Actionable Next Steps:
- Recalculate Regularly: Use a reliable online calculator or tracking app to re-estimate your TDEE every 5-10 pounds of weight lost or monthly.
- Adjust Calories Incrementally: Reduce your daily intake by 100-200 calories based on your new TDEE to re-establish your deficit.
- Focus on Strength: Incorporate 2-4 strength training sessions per week to preserve muscle mass and support your BMR.
- Boost NEAT: Aim for a daily step goal and consciously increase non-exercise movement throughout your day.
- Prioritize Protein: Ensure adequate protein intake (e.g., 0.7-1.0 grams per pound of goal body weight) to aid satiety and muscle preservation.
FAQ
What is TDEE?
TDEE stands for Total Daily Energy Expenditure, which is the total number of calories your body burns in a 24-hour period, including basal metabolic rate, physical activity, and the thermic effect of food.
Why does TDEE decrease when I lose weight?
TDEE decreases when you lose weight because a smaller body requires fewer calories to maintain its essential functions and to move. This reduction is primarily due to a lower basal metabolic rate and reduced energy cost for physical activities.
How often should I recalculate my TDEE during weight loss?
You should recalculate your TDEE every 5-10 pounds of weight loss, or at least once a month, to ensure your calorie targets remain accurate for your current body size.
Does muscle loss affect TDEE more than fat loss?
Yes, losing muscle mass has a more significant negative impact on TDEE than losing fat, because muscle tissue is more metabolically active and burns more calories at rest compared to fat tissue.
What is metabolic adaptation?
Metabolic adaptation is when your body’s metabolism slows down more than what would be predicted purely by changes in body size, as a protective response to prolonged calorie restriction, making further weight loss more challenging.
Can I prevent my TDEE from dropping significantly?
You can mitigate the drop in TDEE by preserving muscle mass through strength training, ensuring adequate protein intake, and actively maintaining or increasing your non-exercise activity thermogenesis (NEAT).

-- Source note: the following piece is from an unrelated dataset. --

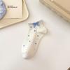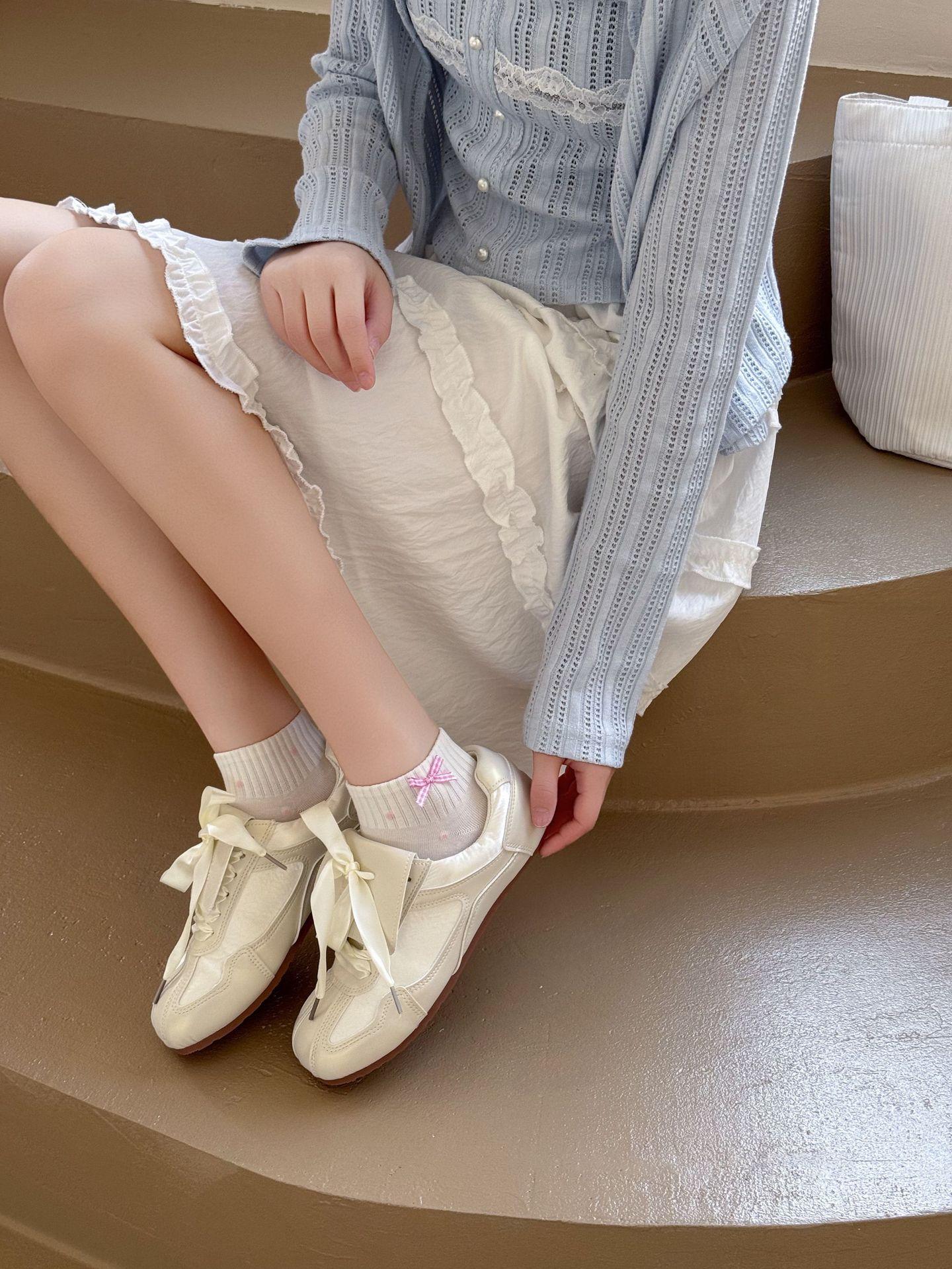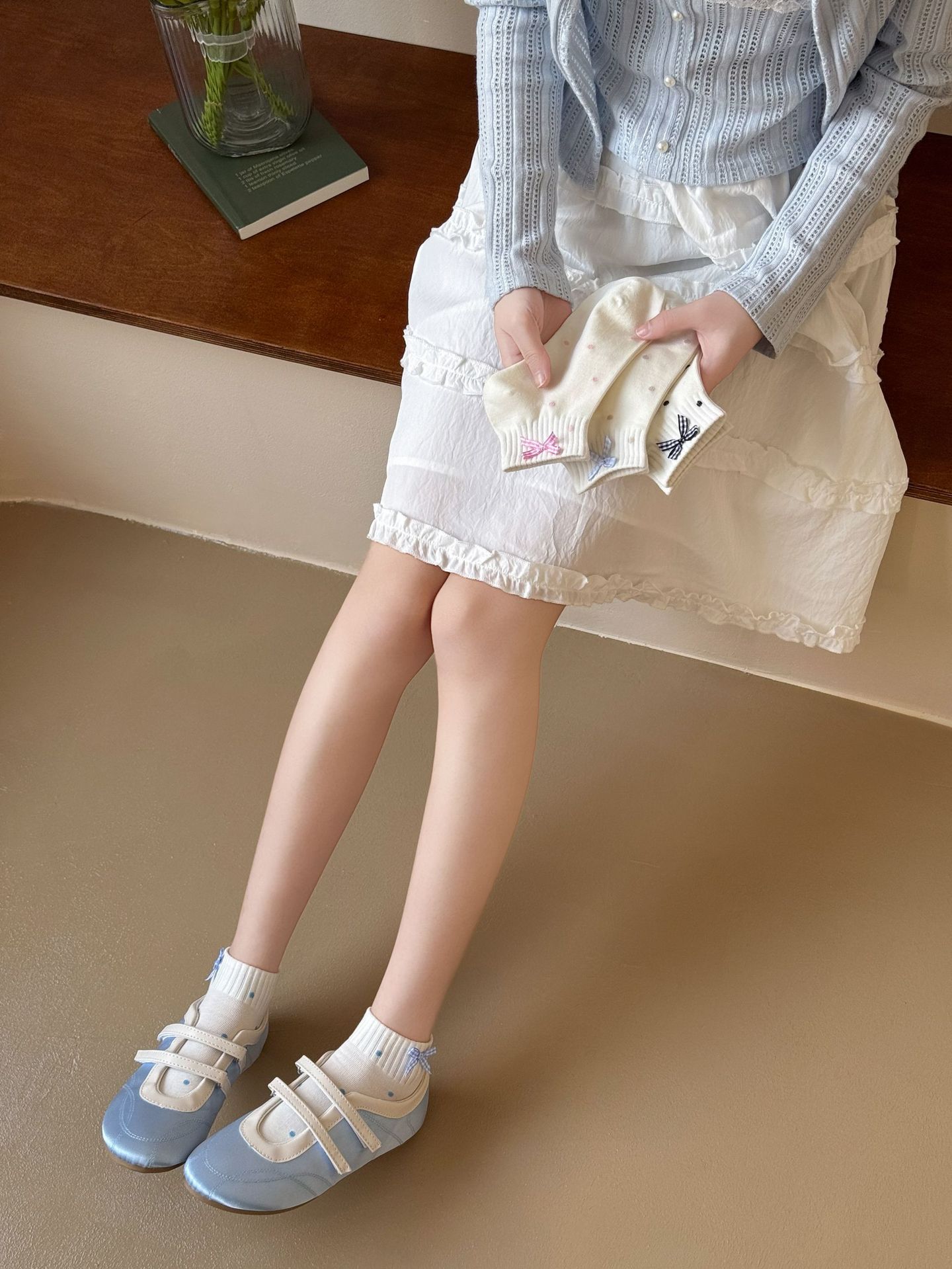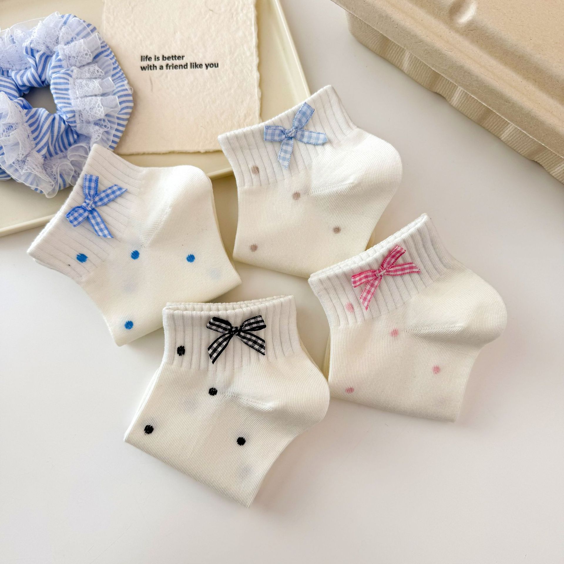 Calcetines de Verano para Mujer Calcetines Finos Encaje de Lazo Japonés Lindo Calcetines de Mujer Color Sólido Lunares Casual Cómodos Calcetines de Mujer

Why am I plateauing if I’m still in a calorie deficit?
You might be plateauing because your TDEE has decreased due to weight loss and metabolic adaptation, meaning the “deficit” you’re eating is no longer a true deficit for your current body.
How do diet breaks help with TDEE?
Diet breaks, where you temporarily eat at maintenance calories, can help mitigate metabolic adaptation by signaling to your body that energy stores are not critically low, potentially leading to a temporary increase in leptin and energy expenditure.

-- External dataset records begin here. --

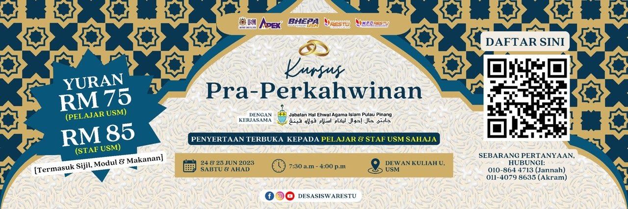 Majlis Penghuni Desasiswa Restu (MPDR) dengan kerjasama Jabatan Hal Ehwal Agama Islam Pulau Pinang (JHEAIPP) akan mengadakan *Kursus Pra Perkahwinan* 👰🏼♀🤵🏼♂ pada ketetapan berikut:
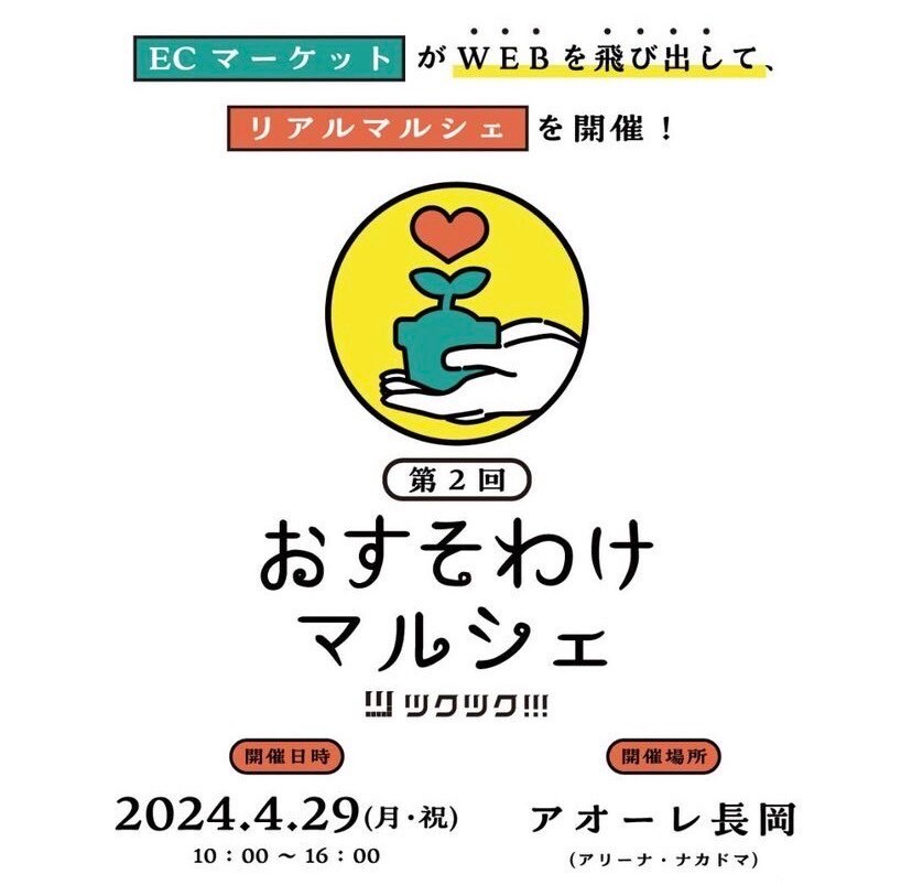 そして来たる4月29日は…。アオーレ長岡にて開催される、おすそわけマルシェに参加出店いたします。
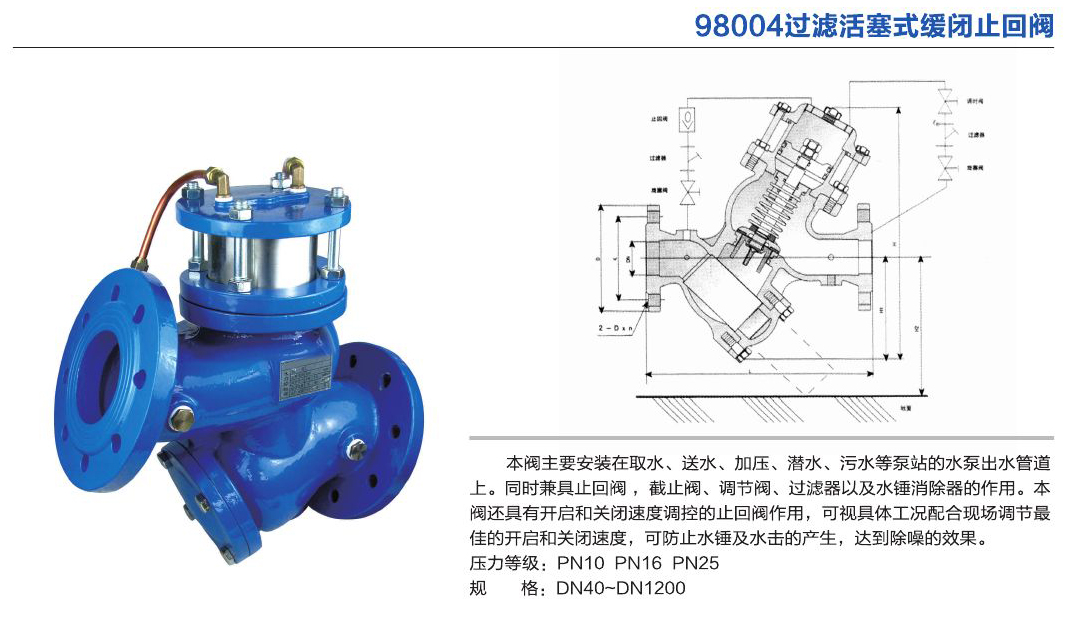 過濾活塞式遙控浮球閥/緩閉止回閥
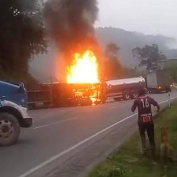 Un choque entre un tráiler y un tanquero de combustible provocó el incendio de este último vehículo en el kilómetro 38 de la vía Alóag - Santo Domingo, en el cantón Mejía, provincia de Pichincha.
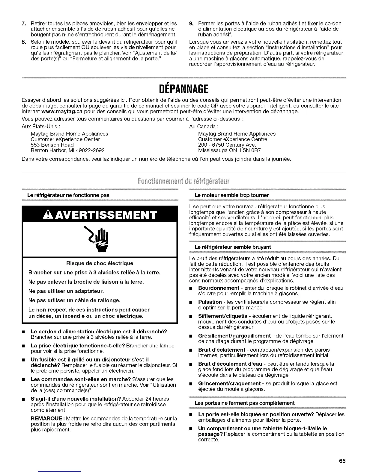 internet www.maytag.ca pour des conseils qui vous permettront peut-_tre d'eviter une intervention de depannage.
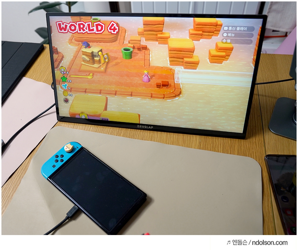 닌텐도 스위치 게임도 제우스랩 Z18T 포터블 모니터로 어디서나 즐길 수 있어 편합니다. 거실에 TV가 있지만, 닌텐도 스위치를 모니터에 연결해서 하는 게 편하거든요.
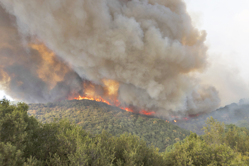 Kebakaran besar ketiga bermula kelmarin di pulau Cycladic Andros dan masih terbakar di luar kawalan hari ini, dengan 73 anggota bomba, dua pesawat dan dua helikopter memadamkan api. Kilat petir disyaki telah mencetuskan kebakaran hutan itu. – AP
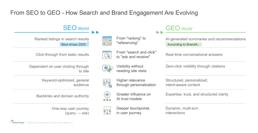Exhibit 1 is a visual framework of the evolution from SEO to GEO.
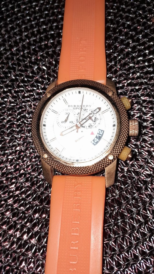 Kahverengi dokulu metal kasalı, beyaz kadranlı ve tarih göstergeli erkek saati. Canlı turuncu Burberry logosu olan kayış ile klasik ve bohem tarzda. ⌚icindeki bi yuvarlak düşük onun dışında sıkıntısı yok
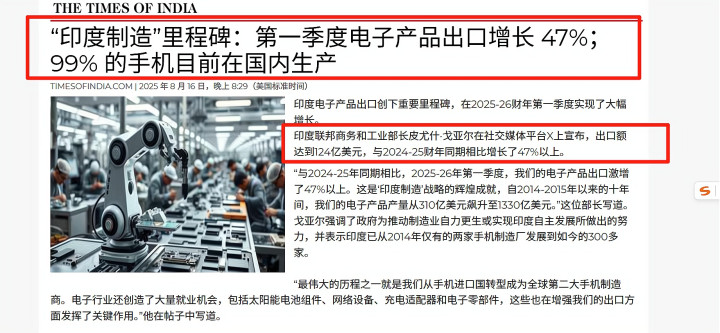 不能忽略一个关键事实:印度的手机制造业虽实现本土化组装,但核心技术及关键零部件仍高度依赖进口,
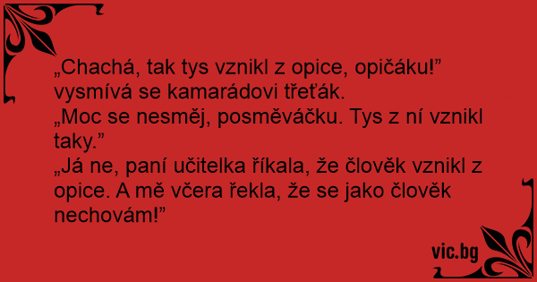 „Chachá, tak tys vznikl z opice, opičáku!” vysmívá se kamarádovi třeťák.
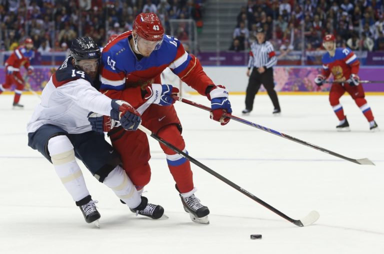 Slovenský útočník Branko Radivojevič v súboji s Rusom Vladimirom Tarasenkom počas nedeľňajšieho zápasu na olympijskom turnaji v Soči. Foto: SITA/AP
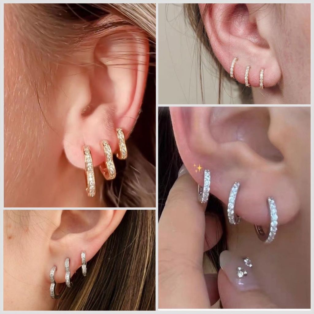 Brinco Trio Argola BANHADA A PRATA 925 com Zircônia Cravejada Kit 3 pares / Trio de ARGOLINHAS FOLHEADAS Á PRATA 925

Does a slow metabolism mean I can’t lose weight?
A slower metabolism means you need to consume fewer calories to create a deficit, but it doesn’t prevent weight loss. It simply requires more precise calorie tracking and strategic adjustments to your diet and activity.
Is TDEE the same for everyone at the same weight?
No, TDEE varies between individuals even at the same weight due to differences in age, sex, body composition (muscle vs. fat), genetics, and daily activity levels.
Does increasing exercise help offset a lower TDEE?
Yes, increasing your exercise activity thermogenesis (EAT) or non-exercise activity thermogenesis (NEAT) can help burn more calories and offset some of the TDEE reduction that occurs with weight loss.
Should I eat less food or exercise more to counter TDEE changes?
A combination of both is generally most effective. Making small, incremental reductions in calorie intake and slightly increasing physical activity helps maintain a healthy deficit without overly restricting or over-exercising.